PI Jinsong said: "taking into account the increase in the first half of the medical index, short-term stock valuation is not cheap, the mode of operation or holding blue chip stocks to change space for time. The characteristics of the pharmaceutical industry are high performance, medium and long term logic, and the choice of good companies in the high prosperity area is likely to make money for performance. In the second half of the year, promising areas are innovative drugs, medical devices and so on. In addition, at present, the global new crown outbreak is repeated, and it is estimated that the investment opportunities of the new crown diagnostic reagents and protective equipment companies will be more sustainable.
Huang Xingliang said that the management products in the second half of the year will still be distributed in the long-term optimistic and high cost performance companies, mainly distributed in computers, pharmaceuticals, new energy vehicles and semiconductor industries, and will be gradually adjusted according to market conditions.
Tan Donghan pointed out, "I remain strategic and optimistic about the long-term prospects of A shares. In the short and medium term, the duration and impact of the epidemic may be exceeding expectations. In the long term, the development of epidemic situation is still one of the most important factors that affect the market. In the pharmaceutical sector, we should pay close attention to the expected performance of the industry, and also pay attention to the performance recovery opportunities of the damaged industries. We should carefully evaluate the performance and balance of the stocks.
Looking forward to the second half of the year, Yang Renmei admits that he will pay more attention to cash flow rich enterprises. He pointed out that the risk of some industries or enterprises is relatively large. But the price of a good company is more expensive in most cases. He doesn't value valuations very much. He believes that the key is to buy a good company with incremental space.

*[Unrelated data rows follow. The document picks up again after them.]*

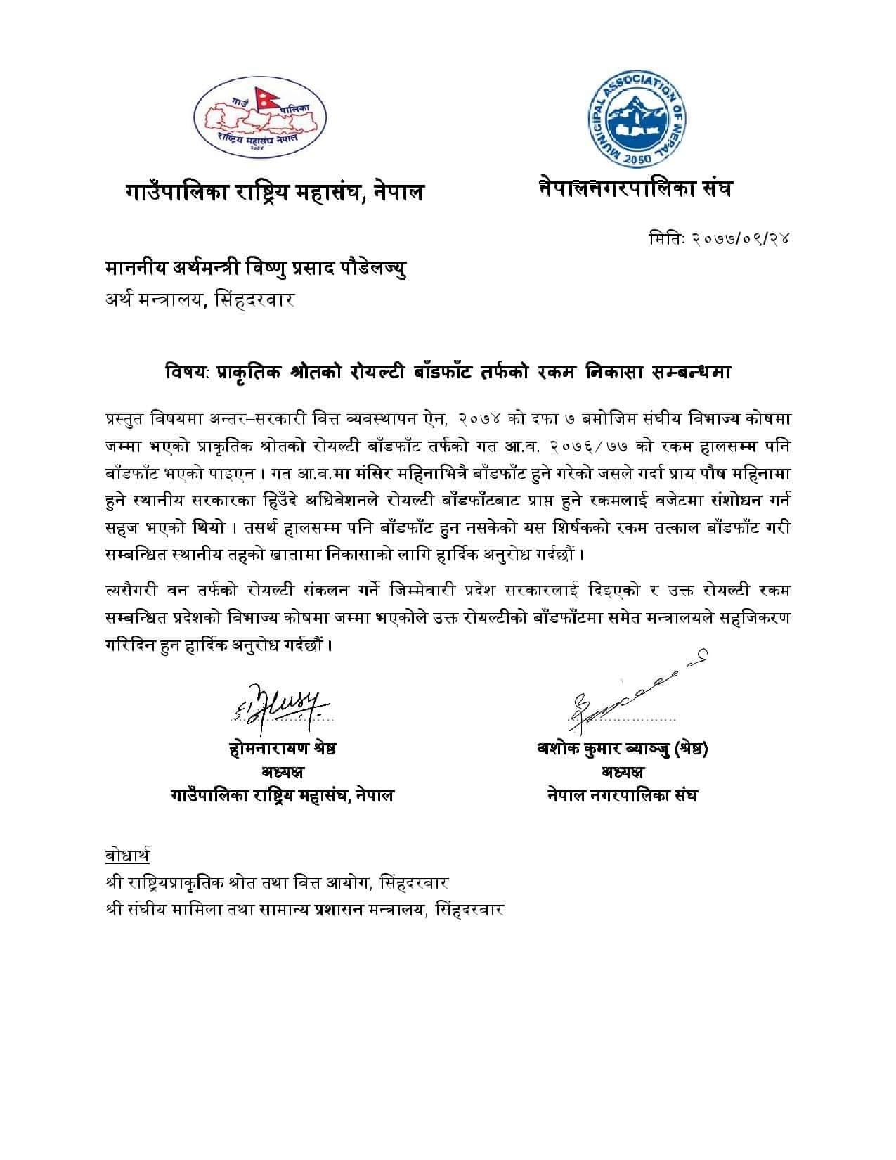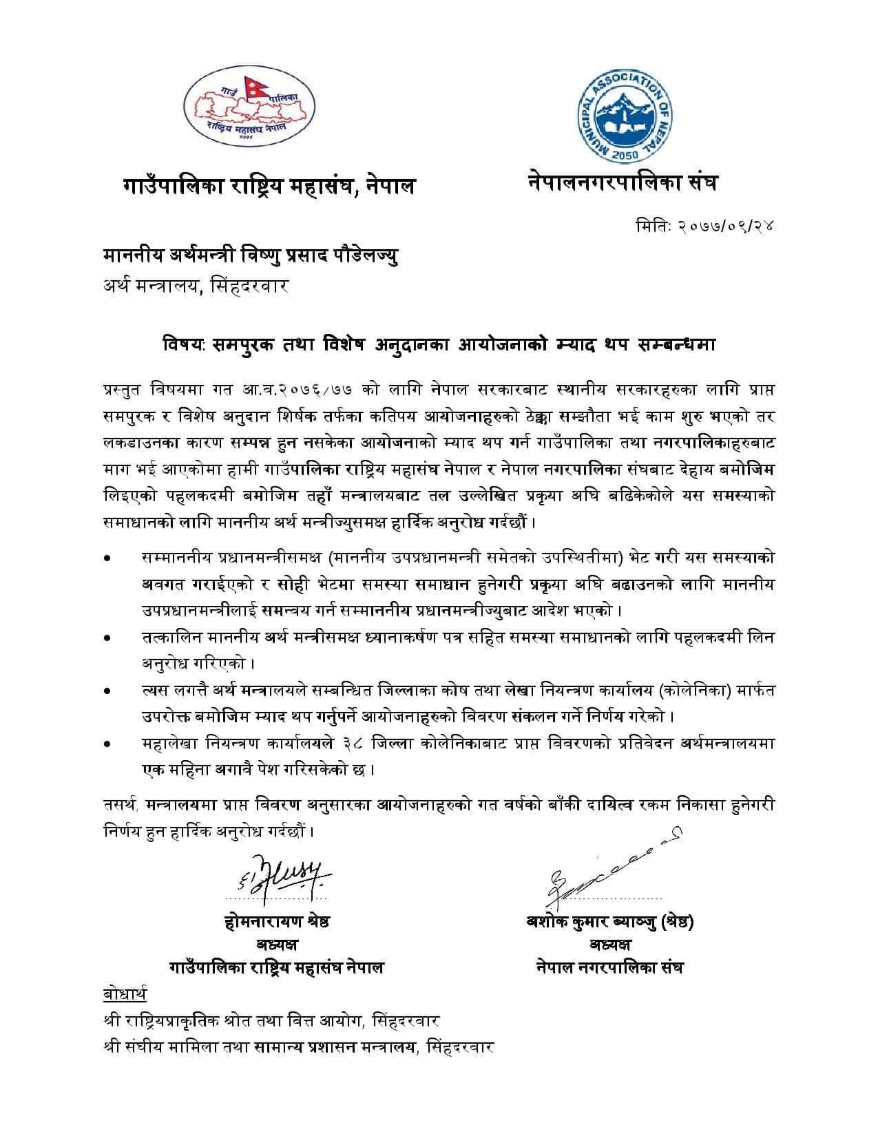 गाउँपालिका राष्ट्रिय महासंघ र नगरपालिका संघले बुझायो अर्थमन्त्री पौडेललाई ध्यानाकर्षण पत्र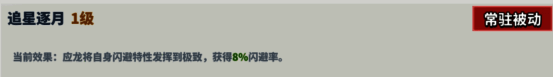 描述:应龙将自身闪避特性发挥到极致,获得8%闪避率。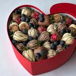 Свежая клубника в белом и молочном шоколаде (какао-бобы, какао-масло, сахар, молоко, лецитин, ароматизаторы), сушенная малина, свежая голубика.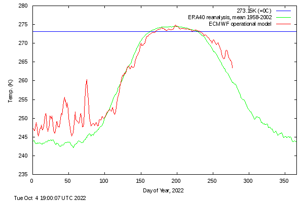 North America has great rivers, none greater than the mighty Mississippi. It used to be a meandering river with frequent floods that resulted in depositing its silt over large areas and thus fertilizing the land. The Indians living by the river moved to its new location after the water receded, and they could use the newly fertilized land. After the Louisiana purchase river traffic grew rapidly, but shifting sandbars and the excessively winding river became a problem, so the Mississippi river was converted to be the main transportation artery of the middle USA, the river banks were reinforced and the course of the river straightened. This meant that more of the silt was transported out into the Mexican Gulf, some of the silt that used to fertilize the soil instead fertilized the Mexican gulf. In addition, the Mississippi river used to be very polluted, but is now clean enough that it can be used for drinking water after treatment all the way down into Louisiana. There remains elevated concentration of nitrogen compounds so the Mexican Gulf suffers from excessive algae blooms and even red tide from time to time. This leads to more cloud formation and more rain in the United States east of the 98th meridian. This also occurs in Northern Europe, especially in the North Sea; the rivers flowing into the North Sea are rich in nutrients. The Baltic Sea was near oxygen death, but after the Baltic countries and Poland joined the EU, their rivers got partially cleaned up. In the far East the Yellow Sea and the South China sea are suffering major pollution. All these regions produce more clouds, and through prevailing winds some end up in the Arctic, where they snow out, except in the Summer when they rain out except on Greenland where it snows 12 months of the year. This leads to increasing winter temperatures of about 5.5 C above the 80th latitude, 2.5 C in spring and fall and a decrease of about 0.5 C in the summer (it takes a long time to melt that extra snow). This affects about 4% of the earth’s surface, so the total temperature increase from over-fertilizing the rivers is 0.04 * 2.5 = 0.1 C. No such effect occurs in the Antarctic. To illustrate the current yearly temperature trend in the Arctic, see this current polar temperature chart:
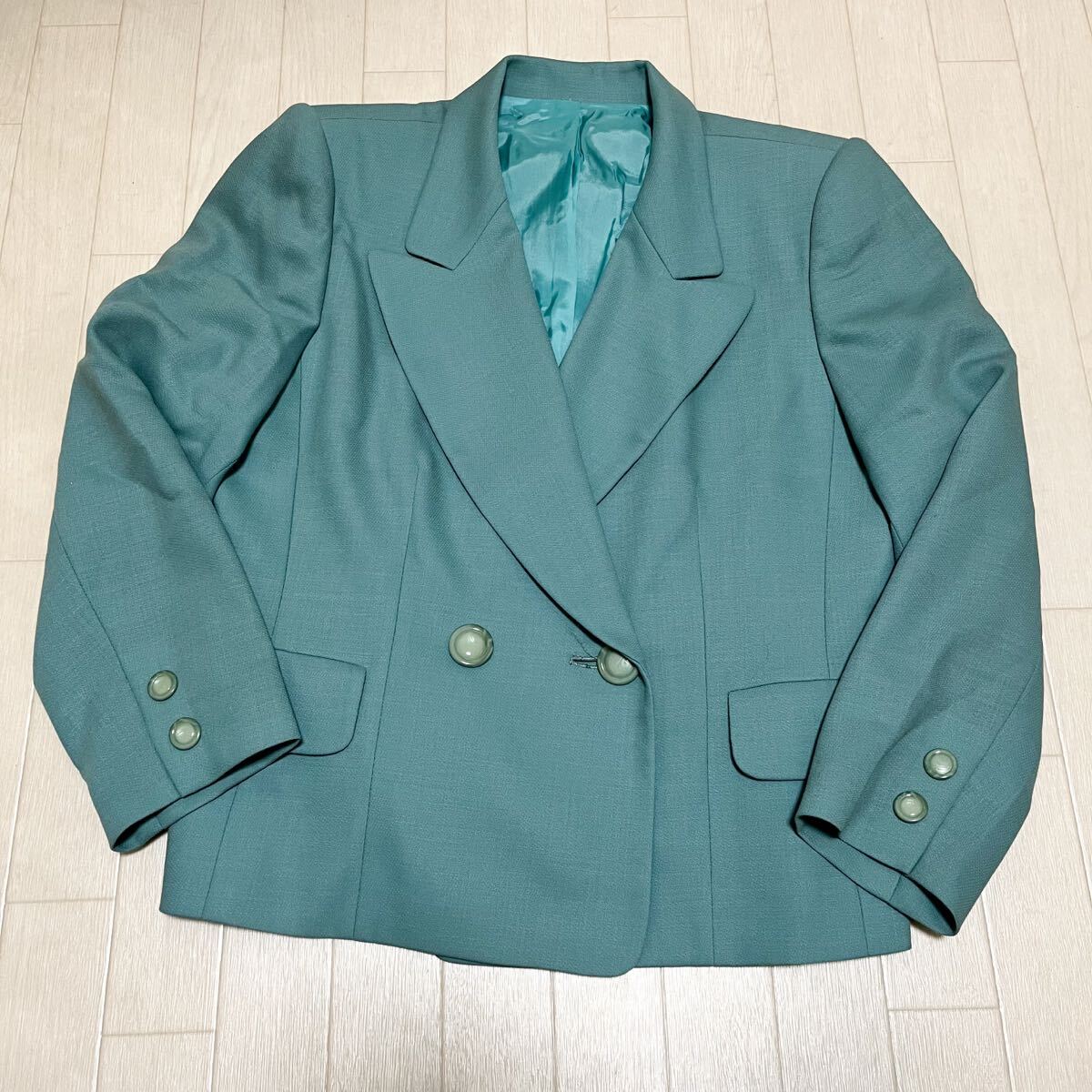 K21★① Leilian レリアン セットアップ テーラードジャケット スカート ダブルボタン 13 ライトブルー レディース 日本製 イタリア製生地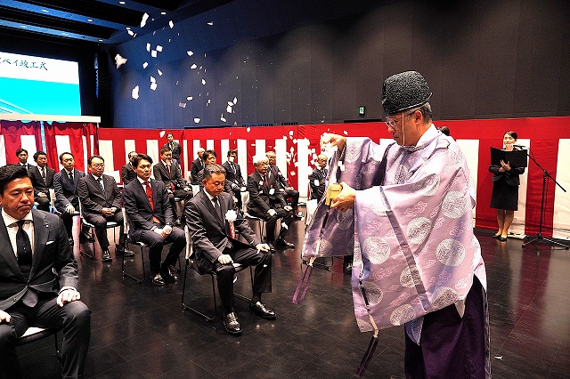 竣工式の神事にはコナミグループの東尾社長のほか、コナミクリエイティブフロント東京ベイで最先端のゲーム開発を担うコナミデジタルエンタテインメント(東京都中央区)の早川英樹社長をはじめとするコナミグループ中核会社の代表や日建設計(東京都千代田区)の大松敦社長、大成建設(東京都新宿区)の相川善郎社長など関係者20人余りが参加した。
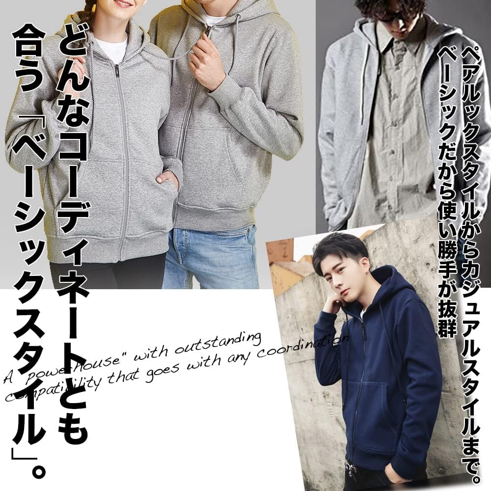 表面素材は柔らかな風合いのコットンです。裏面は暖かな起毛素材で快適な着心地です。秋冬の定番なのでシンプルなデザインで使いやすいです。シンプルなパーカーは男性、女性、親子、カップル、性別、年齢問わず着ていただけます。ジップアップパーカーのメリットは前を開け閉めしなくても雰囲気を変えられることです。バリエーションは無限大です。フードは調節可能です。 ドローストリングが付いているので、寒い時はドローストリングをしっかり締めて防寒対策もできます。また、近年人気のパーカーをタイドアップするなど、ファッショナブルな着こなしも可能です。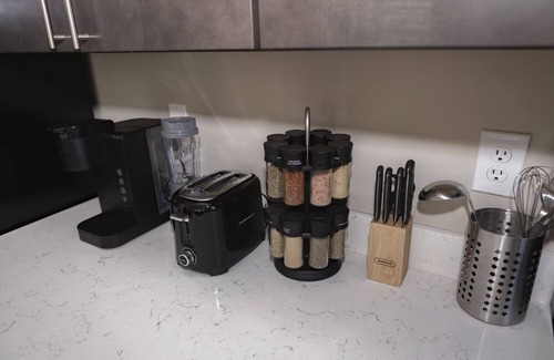 Our unit features everything you need for a comfortable stay, including a fully equipped kitchen, a cozy living room, and two bedrooms with plush beds.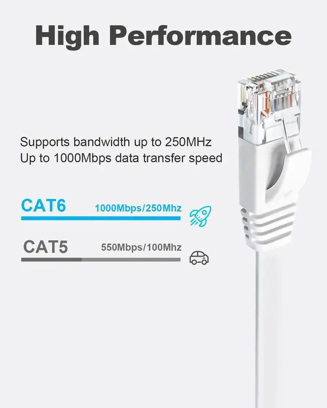 HIGH SPEED TRANSMISSIONCat6 cable with high bandwidth of up to 350 MHz and 1Gbps ensure high-speed data transfer for server applications, cloud storage, video streaming and playing games without worrying about cables causing a mess. Supports: Gigabit 1000 BASE-T; 100 BASE-T; 10 BASE-T.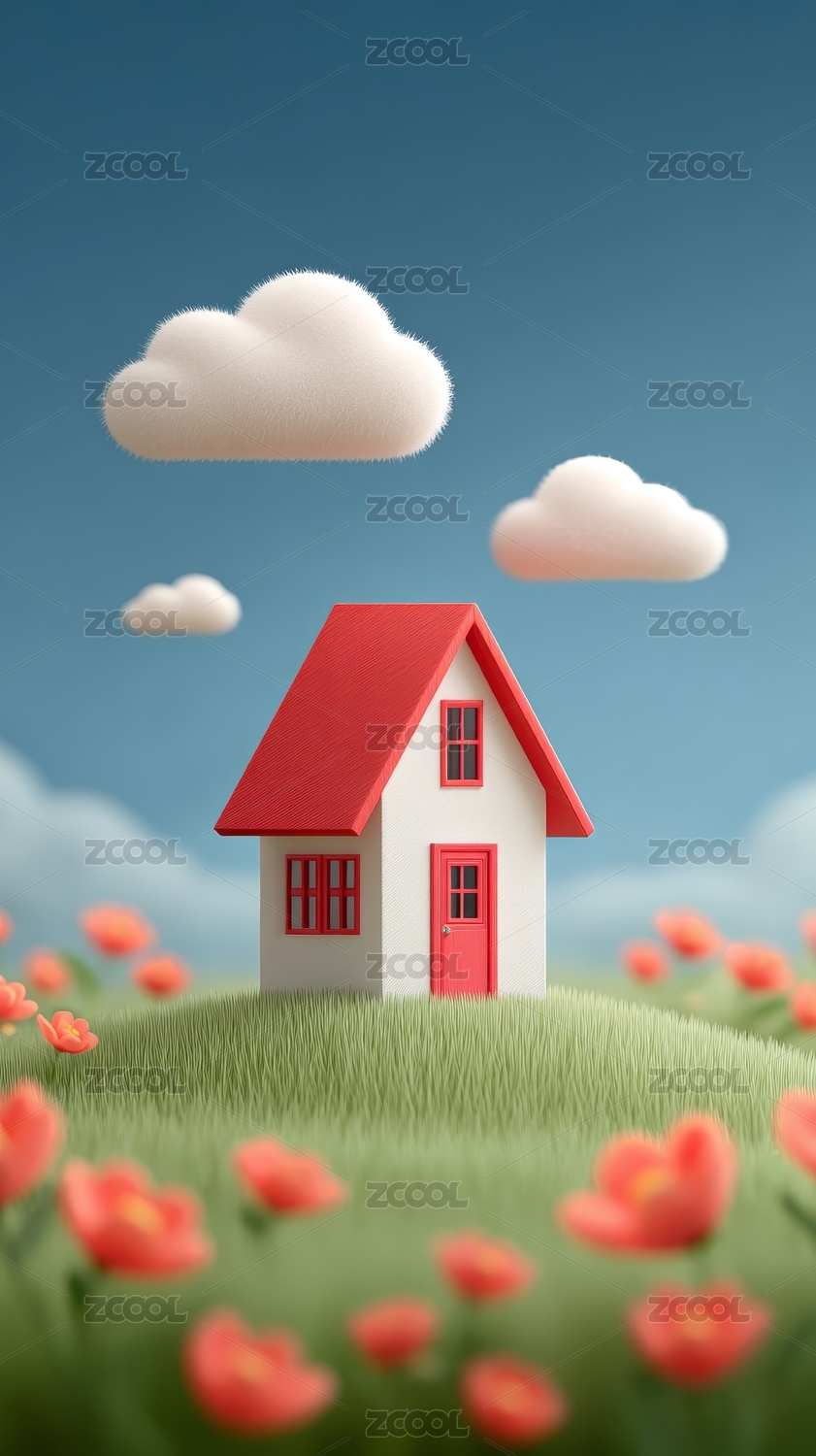 红色,橙色,花朵,明亮,生机,小屋,蓝天,白云,童趣,户外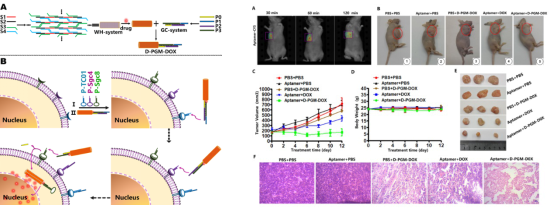(2) 同种膜蛋白常表达于多种肿瘤细胞膜表面,甚至不同程度地表达于正常细胞表面,致使肿瘤的靶向治疗更具挑战性。为了精准靶向识别肿瘤细胞,通过横向普通碱基杂交与纵向回文粘性末端交联作用发展三维自组装DNA纳米级材料、通过顺序性组装构建核酸逻辑门,课题组成员提出核酸纳米精准制导导弹递药系统(D-PGM)。弹头系统(WH)作为药物加载的主体,结构元件单一、组装快捷、核酸序列设计简易、药物装载方便;而核酸逻辑门是负责肿瘤细胞精准靶向的控制系统(GC),由三段关联改性跟适体匹配的DNA序列组装而成,通过同抓取细胞表面不同膜蛋白核的酸适体杂交而顺序性卸载,能够实现细胞亚型特异性识别。数据结果表明,所构建的核酸纳米载药体系能够在复杂的生物环境中精准地输送抗癌药物到肿瘤病变部位,在荷瘤动物模型中发挥良好的抗癌治疗作用。这一成果发表在Journal of the American Chemical Society上,第一作者是91快活林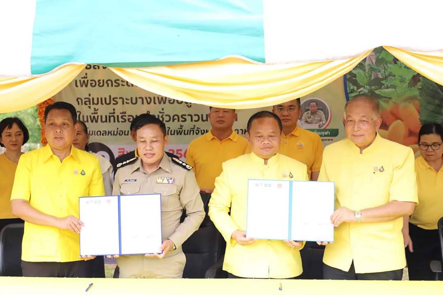 นายไกร เอี่ยมจุฬา รองผู้ว่าราชการจังหวัดมุกดาหาร รับมอบหมายจากผู้ว่าราชการจังหวัดมุกดาหาร ให้เป็นประธานในพิธีลงนามบันทึกข้อตกลงความร่วมมือ (MOU) เพื่อยกระดับรายได้ของครัวเรือนยากจน กลุ่มเปราะบางผู้ปลูกหม่อนเลี้ยงไหม สู่กระบวนการ Pro - Poor Value chain เส้นทางสายไหมในพื้นที่จังหวัดมุกดาหาร ระหว่าง เรือนจำจังหวัดมุกดาหาร กับวิทยาลัยชุมชนมุกดาหาร โดยมีหัวหน้าส่วนราชการ องค์กรภาคธุรกิจเอกชน ภาคประชาสังคมองค์กรชุมชน เข้าร่วมพิธี ณ เรือนจำชั่วคราวตำบลนาโสกอำเภอเมืองฯ จังหวัดมุกดาหาร
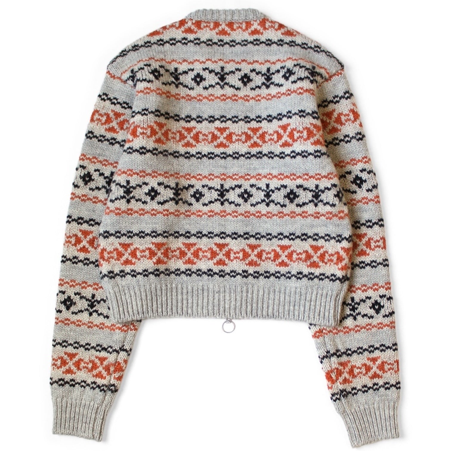 A short knit cardigan with a Fair Isle pattern. The double zipper front allows for a variety of styling options.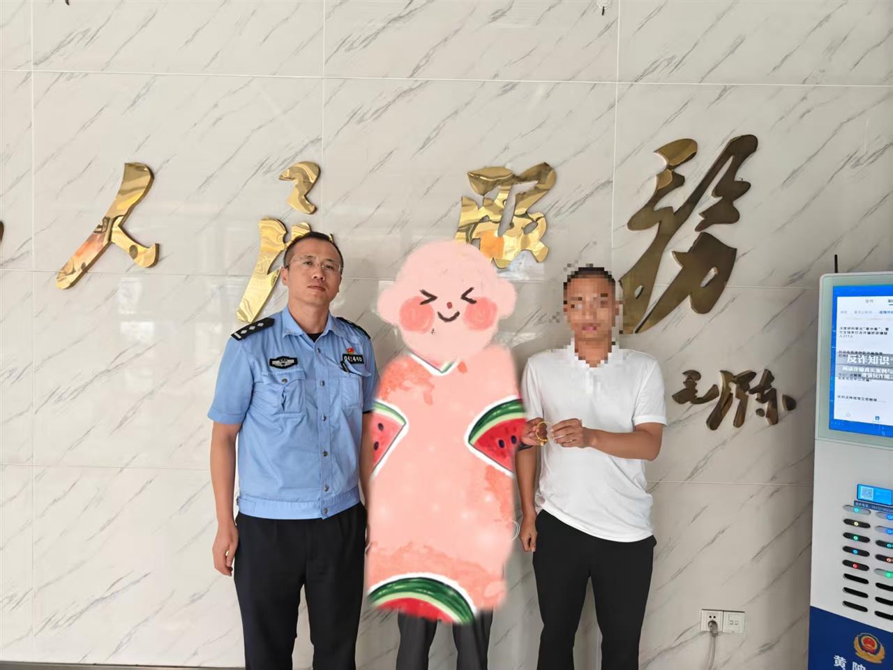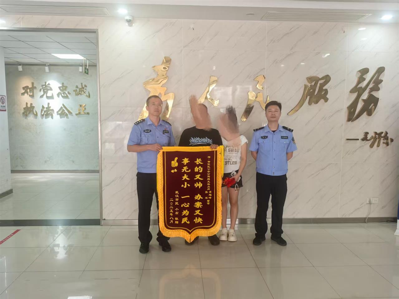 看到完璧归赵的金镯子,黄女士及家属激动万分。为表达感激之情,8月13日,黄女士与家属专程将印有“长的又帅办案又快、事无大小一心为民”字样的锦旗送至民警张军、辅警谌超峰手中,并对拾金不昧的外卖员周师傅表达了诚挚谢意。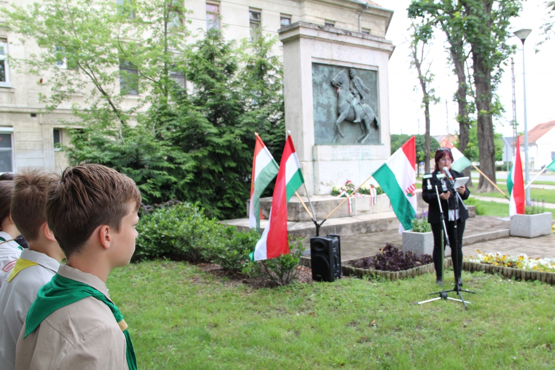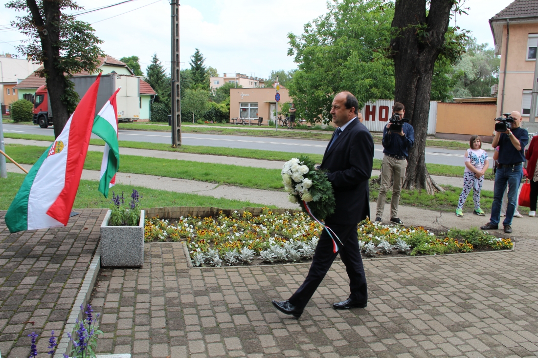 A megemlékezőket Hajnal Dóra önkormányzati képviselő, a Humán bizottság elnöke köszöntötte. Az eseményen, a szobor talapzatánál dr. Molnár Attila polgármester, Molnárné dr. Taár Izabella a Járási Hivatal vezetője, Turi Bálint alpolgármester és Szabó István önkormányzati képviselő koszorúzott.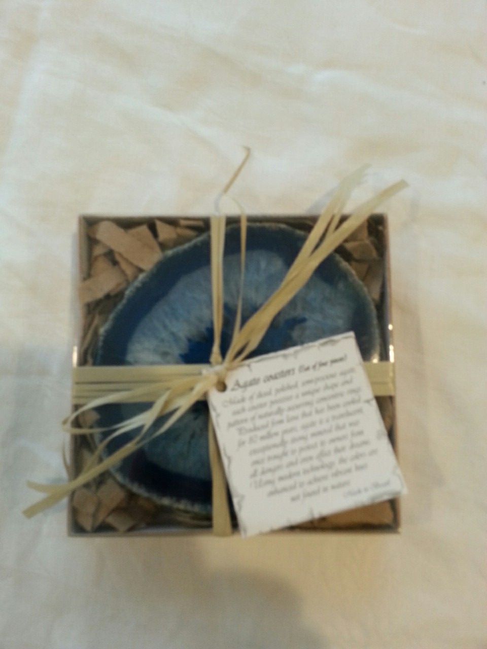 Blue agate coasters ..set of 4 ...NEW in box....unique

Wu Xingwu is optimistic about four directions: including innovative pharmaceutical companies, R & D service companies that provide services for innovative drug research and development, medical service providers that can meet the needs of consumer upgrading, and some medical equipment and consumables enterprises with strong moat.
Gf's new industry picked up 53.28% this year, according to its fund manager, Li Wei. "This year's global market volatility has increased and uncertainty has increased, making it difficult to make an accurate assessment and judgement of short-term market trends. We need to think over a longer period of time and firmly identify the value of enterprises in accordance with long-term investment ideas, and properly take measures to deal with risks."